Let me share a quote (page 278):
"The fundamental error made by [leftist radical scholars] Iris Young and Nancy Fraser, from which their sociological and political mistakes flow, is the rejection of the liberal contention that it makes sense to talk about equal rights, and that the case for equal rights can be made on the basis of an appeal to justice.
It is not necessary first to establish the equal value of whatever activity is to be protected by the right in question. To make the point, let us think about the equal liberty of religious worship. Because religions have incompatible propositional content, it would be absurd to suggest that they had to be publicly affirmed to be equally valuable. But the [liberal] case for giving different faiths the same rights does not depend on any such absurd claim: it can be derived from a principle of fair treatment. In the same way, the whole point of the liberal case for equal rights for homosexuals is that it quite explicitly leaves each person to form a view about the relative value of heterosexual and homosexual ways of life
[all emphasises are mine, and let me add that the same thing could be said about abortion: in the absence of any uncontroversial criteria for deciding whether a fetus is a "human person" or not, the decision belongs to individuals, perhaps (if they are religious) in a joint conversation with their church].
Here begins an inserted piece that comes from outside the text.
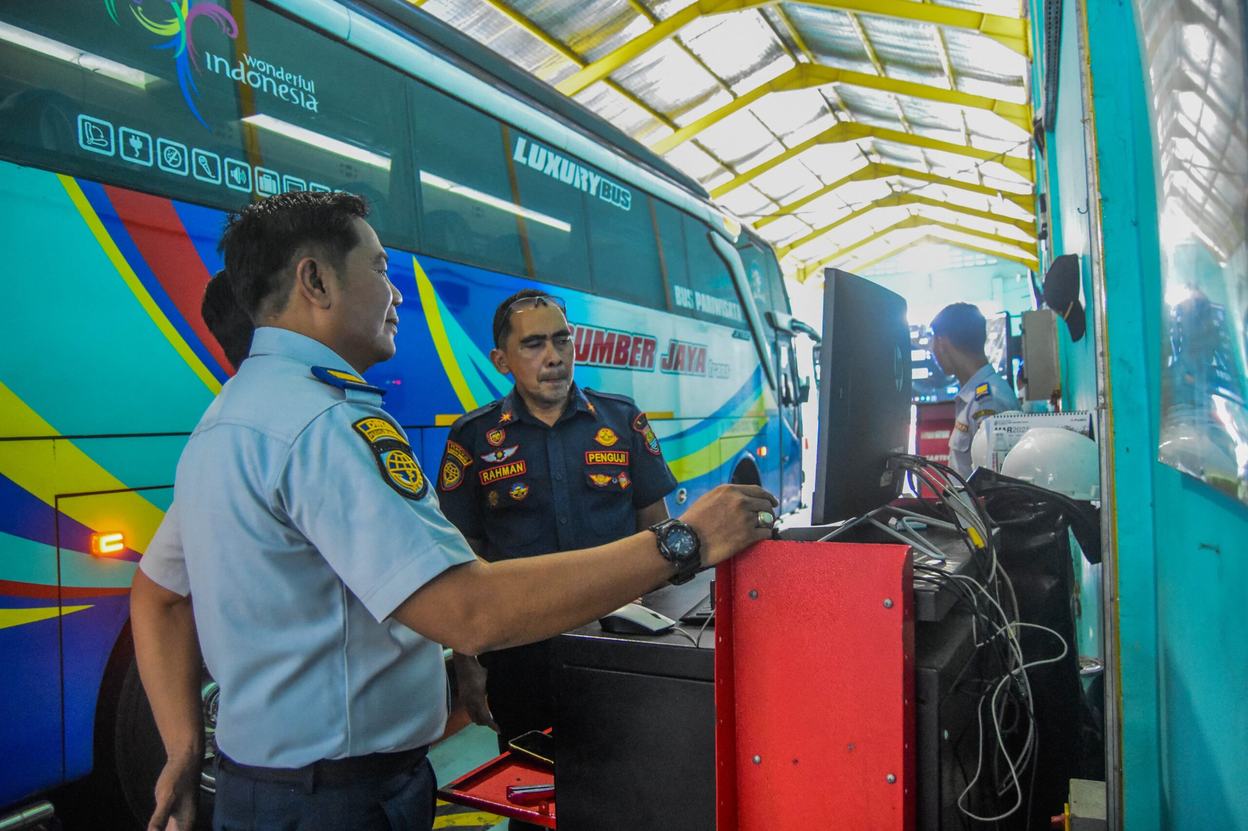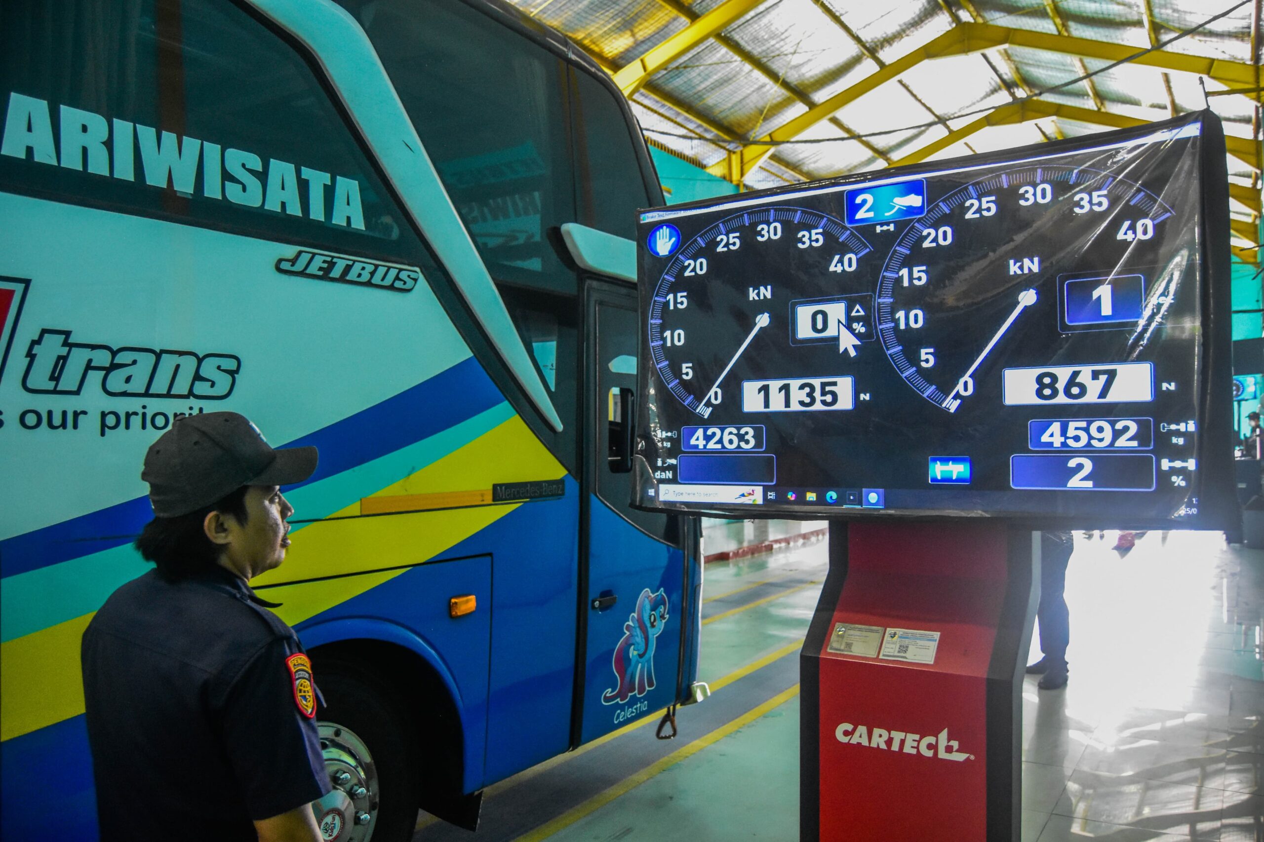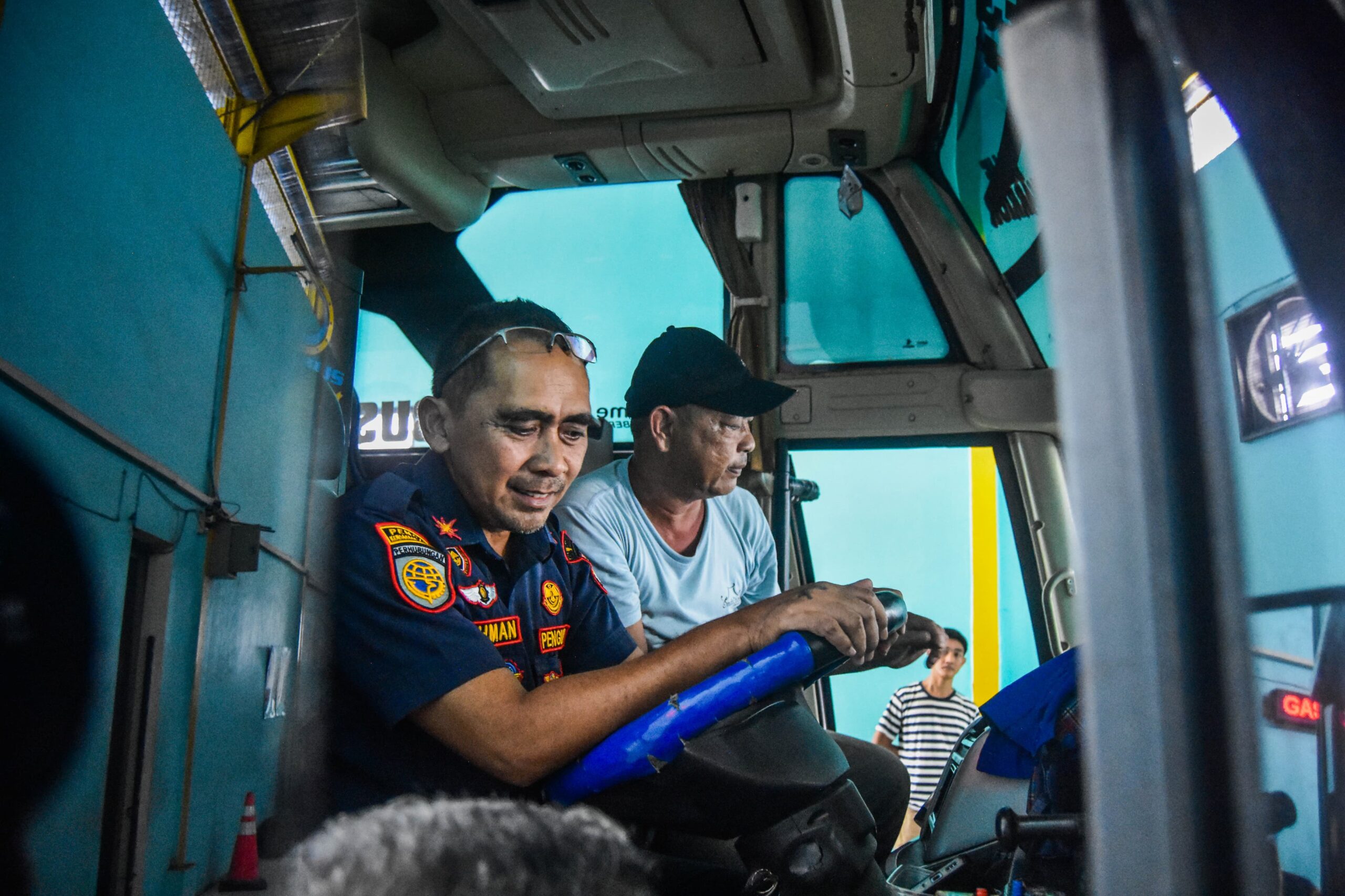 Pemerintah Kabupaten Tangerang menargetkan 64 armada bus mudik gratis lebaran 2025 dilakukan ramp chek, bertujuan untuk memastikan kendaraan yang digunakan dalam program mudik gratis memenuhi standar keselamatan dan kenyamanan para penumpang. Foto : Ilham Herda Fauzi/ LENSABANTEN

[Barry continues:] Andrew Sullivan has recently written in The New York Times that he finds it 'hard to figure out' his 'liberal friends who support every gay rights measure they have ever heard of but do anything to avoid going into a gay bar with me'. Would he find it equally hard to figure out friends who enthusiastically support freedom of worship but would do anything to avoid attending a Roman Catholic mass with him? If not, why not? Perhaps his friends dislike equally the institutionalized 'gay scene' and the Roman Catholic Church. That does not make them hypocrites in not calling for their suppression."
And another one (page 276):
"By rasising the stakes, Young and Fraser and those [left radicals] who think like them put at risk the survival of the liberal rights that have already been won and even more their extension so as to complete the movement towards legal equality. If 'merely civil rights' are disparaged as worthless in the absence of a 'cultural revolution', they are liable to be swept away by a [conservative] cultural counterrevolution.
(...)
They [Young and Fraser] have no way of impugning the right of the majority to give legal effect to its own version of a 'cultural revolution'. Liberals, in contrast, can argue that the politicization of culture is a gross infringement of individual liberty, whether it takes the form advocated by Young and Fraser or that pursued by the Republicans in congress."
And a last one (same page):
"The Christian Right has been able to make headway in opposing the enactment of equal rights for homosexuals by capitalizing on their [leftist radical] opponents' [false] claim that the whole point of equal rights is to make a public affirmation of homosexuality."